* **What is needed**: Write every line of the material again exactly, with no pictures in the copy.

* **The records**:

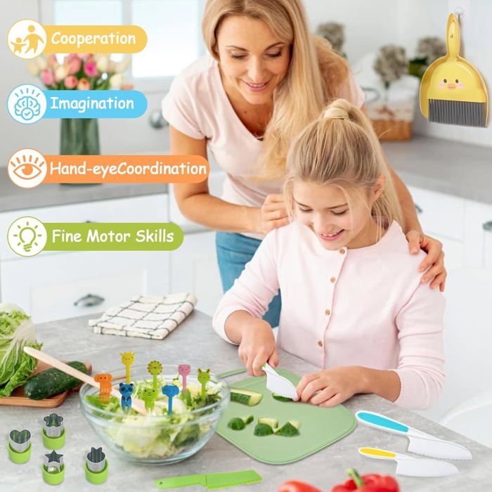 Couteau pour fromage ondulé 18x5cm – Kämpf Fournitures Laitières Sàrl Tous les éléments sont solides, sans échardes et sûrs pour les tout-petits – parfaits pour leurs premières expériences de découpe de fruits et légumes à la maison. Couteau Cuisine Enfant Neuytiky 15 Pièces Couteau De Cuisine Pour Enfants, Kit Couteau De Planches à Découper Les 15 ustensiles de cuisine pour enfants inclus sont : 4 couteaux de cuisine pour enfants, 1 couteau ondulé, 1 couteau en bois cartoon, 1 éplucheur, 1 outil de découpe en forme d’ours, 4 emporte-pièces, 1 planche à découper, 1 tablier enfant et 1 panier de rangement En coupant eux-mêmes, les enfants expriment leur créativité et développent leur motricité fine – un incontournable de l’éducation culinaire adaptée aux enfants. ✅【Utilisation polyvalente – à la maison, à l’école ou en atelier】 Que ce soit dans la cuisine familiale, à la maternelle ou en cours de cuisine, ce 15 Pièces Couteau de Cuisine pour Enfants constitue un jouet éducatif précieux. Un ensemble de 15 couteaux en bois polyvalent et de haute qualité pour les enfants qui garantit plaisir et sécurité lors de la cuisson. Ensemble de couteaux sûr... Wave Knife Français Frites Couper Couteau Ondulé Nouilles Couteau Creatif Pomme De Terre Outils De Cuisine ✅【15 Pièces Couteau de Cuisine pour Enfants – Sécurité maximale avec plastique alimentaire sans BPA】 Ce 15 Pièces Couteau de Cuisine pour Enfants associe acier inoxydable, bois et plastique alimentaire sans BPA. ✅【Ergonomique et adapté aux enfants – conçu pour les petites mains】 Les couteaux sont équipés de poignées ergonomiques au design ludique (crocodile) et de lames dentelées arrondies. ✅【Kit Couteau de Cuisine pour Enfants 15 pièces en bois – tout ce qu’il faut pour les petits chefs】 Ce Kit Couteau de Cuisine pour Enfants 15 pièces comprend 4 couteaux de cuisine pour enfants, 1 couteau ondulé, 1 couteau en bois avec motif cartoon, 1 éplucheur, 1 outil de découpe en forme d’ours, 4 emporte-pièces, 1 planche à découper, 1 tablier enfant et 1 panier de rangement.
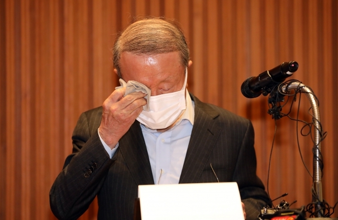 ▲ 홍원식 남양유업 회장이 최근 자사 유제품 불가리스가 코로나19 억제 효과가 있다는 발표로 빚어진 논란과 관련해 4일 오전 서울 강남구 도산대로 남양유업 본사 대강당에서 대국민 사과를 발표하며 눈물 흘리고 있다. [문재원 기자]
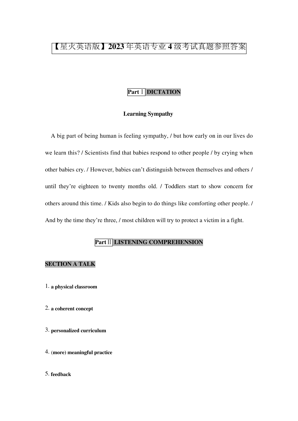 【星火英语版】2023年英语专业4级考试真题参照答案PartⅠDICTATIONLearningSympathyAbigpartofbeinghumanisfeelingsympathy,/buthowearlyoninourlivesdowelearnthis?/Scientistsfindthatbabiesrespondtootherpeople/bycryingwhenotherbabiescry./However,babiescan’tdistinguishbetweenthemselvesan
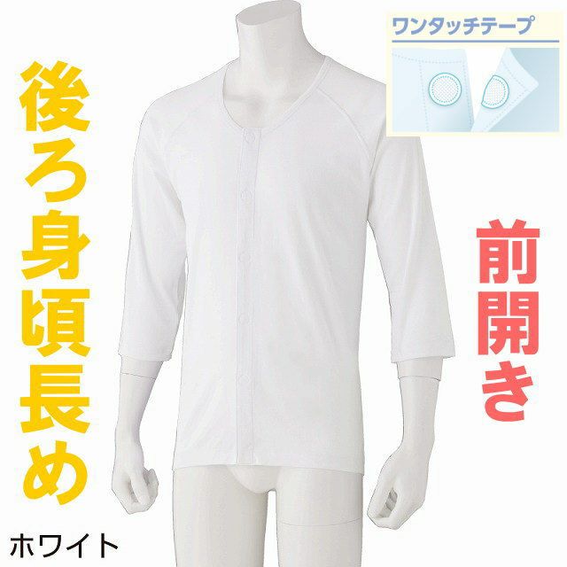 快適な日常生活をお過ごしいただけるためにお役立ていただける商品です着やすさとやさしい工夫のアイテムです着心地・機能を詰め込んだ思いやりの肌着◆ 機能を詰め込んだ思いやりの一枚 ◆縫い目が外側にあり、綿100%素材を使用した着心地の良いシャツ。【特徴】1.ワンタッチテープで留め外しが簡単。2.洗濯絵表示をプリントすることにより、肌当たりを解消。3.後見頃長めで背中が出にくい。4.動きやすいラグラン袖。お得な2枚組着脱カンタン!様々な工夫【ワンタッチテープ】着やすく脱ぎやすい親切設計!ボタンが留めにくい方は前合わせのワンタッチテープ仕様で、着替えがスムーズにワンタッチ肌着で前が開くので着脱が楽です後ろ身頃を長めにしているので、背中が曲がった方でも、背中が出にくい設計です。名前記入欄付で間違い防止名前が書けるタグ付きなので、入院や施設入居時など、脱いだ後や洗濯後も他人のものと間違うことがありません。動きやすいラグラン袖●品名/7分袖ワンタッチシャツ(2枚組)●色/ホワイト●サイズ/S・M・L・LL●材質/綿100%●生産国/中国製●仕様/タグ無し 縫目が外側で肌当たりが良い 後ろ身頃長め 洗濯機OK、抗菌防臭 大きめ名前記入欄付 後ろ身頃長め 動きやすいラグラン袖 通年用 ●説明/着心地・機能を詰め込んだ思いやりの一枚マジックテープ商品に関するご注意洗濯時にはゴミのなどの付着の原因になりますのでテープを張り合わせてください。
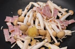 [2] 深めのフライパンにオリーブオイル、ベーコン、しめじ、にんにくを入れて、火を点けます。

* **Task response**:
 Couteau pour fromage ondulé 18x5cm – Kämpf Fournitures Laitières Sàrl Tous les éléments sont solides, sans échardes et sûrs pour les tout-petits – parfaits pour leurs premières expériences de découpe de fruits et légumes à la maison. Couteau Cuisine Enfant Neuytiky 15 Pièces Couteau De Cuisine Pour Enfants, Kit Couteau De Planches à Découper Les 15 ustensiles de cuisine pour enfants inclus sont : 4 couteaux de cuisine pour enfants, 1 couteau ondulé, 1 couteau en bois cartoon, 1 éplucheur, 1 outil de découpe en forme d’ours, 4 emporte-pièces, 1 planche à découper, 1 tablier enfant et 1 panier de rangement En coupant eux-mêmes, les enfants expriment leur créativité et développent leur motricité fine – un incontournable de l’éducation culinaire adaptée aux enfants. ✅【Utilisation polyvalente – à la maison, à l’école ou en atelier】 Que ce soit dans la cuisine familiale, à la maternelle ou en cours de cuisine, ce 15 Pièces Couteau de Cuisine pour Enfants constitue un jouet éducatif précieux. Un ensemble de 15 couteaux en bois polyvalent et de haute qualité pour les enfants qui garantit plaisir et sécurité lors de la cuisson. Ensemble de couteaux sûr... Wave Knife Français Frites Couper Couteau Ondulé Nouilles Couteau Creatif Pomme De Terre Outils De Cuisine ✅【15 Pièces Couteau de Cuisine pour Enfants – Sécurité maximale avec plastique alimentaire sans BPA】 Ce 15 Pièces Couteau de Cuisine pour Enfants associe acier inoxydable, bois et plastique alimentaire sans BPA. ✅【Ergonomique et adapté aux enfants – conçu pour les petites mains】 Les couteaux sont équipés de poignées ergonomiques au design ludique (crocodile) et de lames dentelées arrondies. ✅【Kit Couteau de Cuisine pour Enfants 15 pièces en bois – tout ce qu’il faut pour les petits chefs】 Ce Kit Couteau de Cuisine pour Enfants 15 pièces comprend 4 couteaux de cuisine pour enfants, 1 couteau ondulé, 1 couteau en bois avec motif cartoon, 1 éplucheur, 1 outil de découpe en forme d’ours, 4 emporte-pièces, 1 planche à découper, 1 tablier enfant et 1 panier de rangement.
 ▲ 홍원식 남양유업 회장이 최근 자사 유제품 불가리스가 코로나19 억제 효과가 있다는 발표로 빚어진 논란과 관련해 4일 오전 서울 강남구 도산대로 남양유업 본사 대강당에서 대국민 사과를 발표하며 눈물 흘리고 있다. [문재원 기자]
 【星火英语版】2023年英语专业4级考试真题参照答案PartⅠDICTATIONLearningSympathyAbigpartofbeinghumanisfeelingsympathy,/buthowearlyoninourlivesdowelearnthis?/Scientistsfindthatbabiesrespondtootherpeople/bycryingwhenotherbabiescry./However,babiescan’tdistinguishbetweenthemselvesan
 快適な日常生活をお過ごしいただけるためにお役立ていただける商品です着やすさとやさしい工夫のアイテムです着心地・機能を詰め込んだ思いやりの肌着◆ 機能を詰め込んだ思いやりの一枚 ◆縫い目が外側にあり、綿100%素材を使用した着心地の良いシャツ。【特徴】1.ワンタッチテープで留め外しが簡単。2.洗濯絵表示をプリントすることにより、肌当たりを解消。3.後見頃長めで背中が出にくい。4.動きやすいラグラン袖。お得な2枚組着脱カンタン!様々な工夫【ワンタッチテープ】着やすく脱ぎやすい親切設計!ボタンが留めにくい方は前合わせのワンタッチテープ仕様で、着替えがスムーズにワンタッチ肌着で前が開くので着脱が楽です後ろ身頃を長めにしているので、背中が曲がった方でも、背中が出にくい設計です。名前記入欄付で間違い防止名前が書けるタグ付きなので、入院や施設入居時など、脱いだ後や洗濯後も他人のものと間違うことがありません。動きやすいラグラン袖●品名/7分袖ワンタッチシャツ(2枚組)●色/ホワイト●サイズ/S・M・L・LL●材質/綿100%●生産国/中国製●仕様/タグ無し 縫目が外側で肌当たりが良い 後ろ身頃長め 洗濯機OK、抗菌防臭 大きめ名前記入欄付 後ろ身頃長め 動きやすいラグラン袖 通年用 ●説明/着心地・機能を詰め込んだ思いやりの一枚マジックテープ商品に関するご注意洗濯時にはゴミのなどの付着の原因になりますのでテープを張り合わせてください。
 [2] 深めのフライパンにオリーブオイル、ベーコン、しめじ、にんにくを入れて、火を点けます。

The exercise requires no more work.